Customers like having one throat to choke.
Looking
back 30 years ago, we can mostly blame IBM because it sold customers most of
their computer and software systems. IBM owned all the responsibility to fix
any problem. At least until customers had a different pain: you don’t have
choice therefore you have no power in negotiation with Big Blue.
Then
customers began to move onto the client-server model of computing and open
systems with open software. This strategy started to prosper in the 1990s.

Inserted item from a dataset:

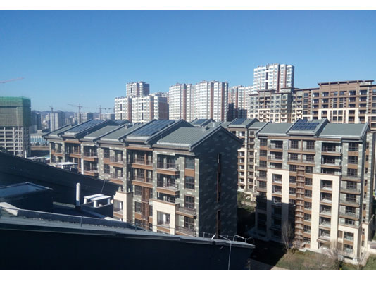 采用太陽能集中集熱分戶換熱系統(tǒng),太陽能集熱器集中安裝在坡屋面上,控制系統(tǒng)安裝在水箱間內(nèi),每戶一臺(tái)60L太陽能換熱水箱、并帶有輔助電加熱,由太陽能集中集熱并通過傳熱介質(zhì)給每戶水箱加熱,同時(shí)電加熱與太陽能互補(bǔ),滿足用戶的熱水需求。
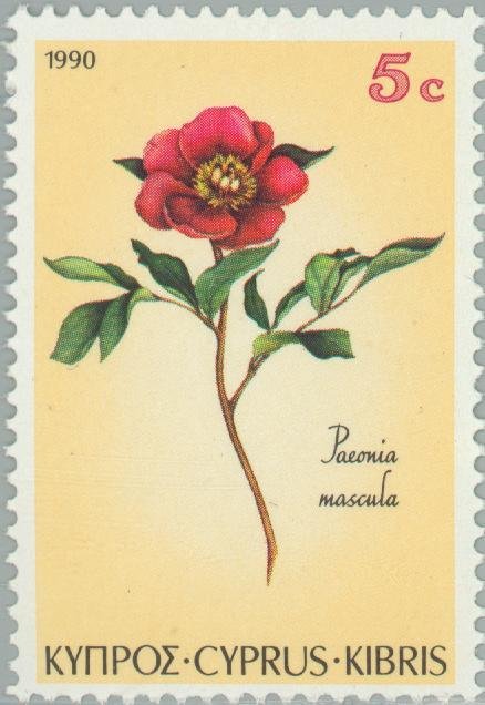 Visibility: public Image owner: none postage 11/5/1990 5c multi dt=flowers (1990 Cyprus) d=Paeonia mascula (1990) wmk=mult crown & script CA Crops No visible images cropped from this one. Measurements Resolution is unknown. Source Source name: Colnect File URL: http://i.colnect.net/b/177/657/Paeonia-mascula---Wild-Peony.jpg Uploaded August 16, 2014, 6:21 pm by Stan Shebs |

Openness has been the winning market strategy ever since.
With the
openness problem solved, the solution that gave customers more negotiating
leverage also shifted the pain back to them. Today we have so many systems,
open or not, that the amount of effort to make them work together is a really
big pain. This hurts user experiences.
In the end,
users just need the applications to support the business. Again, the
application is the end, and everything below is the means. Whatever can do the
job better and more economically wins. This is the fundamental truth behind
this trend for vertically complete systems.
Software
Openness vs. Data Openness
With
everyone in the game being vertically complete, how can vendors differentiate
again? And for the customers, how should they choose vendors? For customers,
the stakes in choosing the right vendor are even higher than before because
they are standardizing their system with one vendor at a time. Switching costs
are the biggest pain and expense.
Still
customers would love to have the flexibility and choice to switch systems. How
do they do this?
I think the
key is the data. No matter how different systems are, they have to persist data
and be able to restart from the point where they shut down. If two systems from
two different vendors understand the same set of data, customers still switch
easily from one system to the other.
With
complicated systems, there may be many data persisted, including the output of
data processing, customization settings, user preferences, and more. It takes
time and effort to convert them all over from one system to another. Some of
the data may never be carried over. For example, if one vendor’s algorithm is
not replaced by the other, then the tuning parameters are lost.
Virtualized
Vertically Complete Systems
With
virtualization, the vertically complete systems can, and should, be re-defined.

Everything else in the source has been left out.